Getting Rid of Want 1: Gratitude

SchumacherSiB200“Any intelligent fool can make things bigger, more complex, and more violent. It takes a touch of genius – and a lot of courage – to move in the opposite direction.”

– E. F. Schumacher (Economist, founder and exponent of “Buddhist Economics”)

Slowing down is a constant journey of discovery. This blog is as much a record of that journey as it as a place to offer advice, hints and strategies for how you can Slow Down.

The one thing I discovered about myself and the one thing I have been struggling to break is that I was a very “grass is greener” thinker. I was a marketers dream! As soon as I had something I would yearn for something new or something better! I always had the feeling that I was missing out on something and if I had “just one more thing” I would finally be happy.

Of course that never happens and all you do is want more and more. I know I am not alone! In fact that is typical of our high speed hare-brained society (and what our consumerist economy is based on – see my minor rant about toasters!). How far I had been distracted from my Buddhist studies in my early 20’s!!

So, how do you break that cycle of wanting and craving for something bigger, better, newer, faster?

Well first we have to understand why we crave those things:

Habituation

A sneaky trick of our nervous system (that dates back to cave(wo)man days) is something called habituation. Basically, the way this works is that we stop consciously paying attention to, or ‘habituate’ repeated experience – what is around us everyday. But when something new turns up we pay attention to it.

This was a useful and important survival strategy. It allows the limited attention of the conscious mind to be available for spotting difference. And in cave(wo)men days difference could be a threat (or an opportunity to take advantage of).

The Reticular Activating System

Another part of our nervous system is called the “Reticular Activating System” or “RAS” for short. Its job is like the doorman of our conscious mind.
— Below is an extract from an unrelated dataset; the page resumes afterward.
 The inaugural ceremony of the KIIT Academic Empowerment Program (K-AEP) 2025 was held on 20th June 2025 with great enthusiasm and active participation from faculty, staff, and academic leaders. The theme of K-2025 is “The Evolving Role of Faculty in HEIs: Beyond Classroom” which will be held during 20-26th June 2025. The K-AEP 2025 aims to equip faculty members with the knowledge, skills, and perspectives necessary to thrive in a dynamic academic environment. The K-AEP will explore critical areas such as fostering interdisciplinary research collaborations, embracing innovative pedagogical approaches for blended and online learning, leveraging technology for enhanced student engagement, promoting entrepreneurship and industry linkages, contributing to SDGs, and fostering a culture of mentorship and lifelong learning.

It decides, from the billions (or something like that) of stimuli we are bombarded with makes it to our conscious awareness. It decides through a series of criteria, but mainly by what we deem to be “emotionally” important to us.

So, what we focus on we get more of. Ever bought a new piece of clothing or new car and suddenly seen it everywhere, even though you never noticed it before? That is because the RAS now deems it important and makes you consciously aware of it, therefore you notice it more. Make sense?
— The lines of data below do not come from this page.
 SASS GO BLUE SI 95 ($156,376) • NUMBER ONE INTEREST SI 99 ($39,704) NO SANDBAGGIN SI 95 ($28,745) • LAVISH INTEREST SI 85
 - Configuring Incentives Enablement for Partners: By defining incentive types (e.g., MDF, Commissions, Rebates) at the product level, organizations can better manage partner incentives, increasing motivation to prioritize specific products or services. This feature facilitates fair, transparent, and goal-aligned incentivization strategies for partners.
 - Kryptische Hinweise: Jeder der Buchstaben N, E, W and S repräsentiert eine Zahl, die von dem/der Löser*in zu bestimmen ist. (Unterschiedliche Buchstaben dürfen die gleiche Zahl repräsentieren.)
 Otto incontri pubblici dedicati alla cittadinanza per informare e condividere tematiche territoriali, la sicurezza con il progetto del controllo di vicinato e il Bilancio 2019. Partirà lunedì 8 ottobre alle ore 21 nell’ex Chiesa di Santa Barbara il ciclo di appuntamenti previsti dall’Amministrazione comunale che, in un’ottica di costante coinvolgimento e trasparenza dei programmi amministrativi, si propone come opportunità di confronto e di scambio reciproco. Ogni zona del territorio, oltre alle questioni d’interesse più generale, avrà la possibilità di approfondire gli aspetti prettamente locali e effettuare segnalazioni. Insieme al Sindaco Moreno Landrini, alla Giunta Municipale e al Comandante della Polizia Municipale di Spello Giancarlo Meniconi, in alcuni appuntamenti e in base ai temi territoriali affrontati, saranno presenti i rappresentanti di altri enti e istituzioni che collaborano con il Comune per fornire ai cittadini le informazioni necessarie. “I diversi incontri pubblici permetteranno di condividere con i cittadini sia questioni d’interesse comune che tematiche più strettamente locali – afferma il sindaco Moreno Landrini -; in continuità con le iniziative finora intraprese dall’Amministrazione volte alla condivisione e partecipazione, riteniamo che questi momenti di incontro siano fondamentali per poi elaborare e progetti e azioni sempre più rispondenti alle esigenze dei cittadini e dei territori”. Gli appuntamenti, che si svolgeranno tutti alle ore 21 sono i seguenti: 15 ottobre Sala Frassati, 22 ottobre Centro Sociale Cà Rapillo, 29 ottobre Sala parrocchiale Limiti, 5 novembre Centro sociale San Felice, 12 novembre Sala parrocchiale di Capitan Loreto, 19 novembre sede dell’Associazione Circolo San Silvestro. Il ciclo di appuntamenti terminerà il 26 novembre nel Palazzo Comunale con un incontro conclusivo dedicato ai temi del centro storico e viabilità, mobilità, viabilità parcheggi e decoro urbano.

It is no wonder that consumerism has thrived, it plays on these 2 basic “cave (wo)man” parts of our nervous system! We are bombarded by very cleverly crafted adverts that tap straight into our emotional response, therefore tricking the RAS into making us pay attention to it.

And combined with the process of habituation, it makes us very aware of what we haven’t got. No wonder we crave new things all of the time!!
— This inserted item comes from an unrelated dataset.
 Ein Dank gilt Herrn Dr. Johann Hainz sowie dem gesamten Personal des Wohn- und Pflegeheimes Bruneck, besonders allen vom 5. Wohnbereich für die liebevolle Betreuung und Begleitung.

But the good news is that, once we are aware of them, we can control our RAS and habituation process to reduce or remove our cravings for the “next big thing”.

So how do we get around process and rewire our nervous system to stop (or reduce) habituation and get our RAS working for us and not against us?

Well, a process I discovered was, ironically, from that film “The Secret”, I am sure you know the one, the one that tells you that you can get everything you want just by thinking about it? You have to be very specific with your greed though…

Well, one of the (very few) sensible things they recommend in that film is the idea of the gratitude rock (although you don’t need a rock to do it).

All you need to do is be (consciously) grateful for what you have. Simple huh? How often are you grateful for what you have? How often do you sit down, look around and recognise how good life really is?

To start with, think of the things you take for granted. The things you really don’t think about, like the fact you have a house, you have your health (hopefully), you have food to eat. You have friends and people who care about you. The real basics. Then move onto the more “luxurious” things that you have (these are often the places we have the most craving to replace), you have access to a computer to be reading this. Which means you have access to all the knowledge that the internet has to offer.

Do it now, think of 10 things that you are grateful that you have. It can be as basic or as detailed as you want. I often spend 5 – 10 a day thinking of things I am really glad that I have got! Give it a go for a few weeks and see how much your craving and want reduces over that time.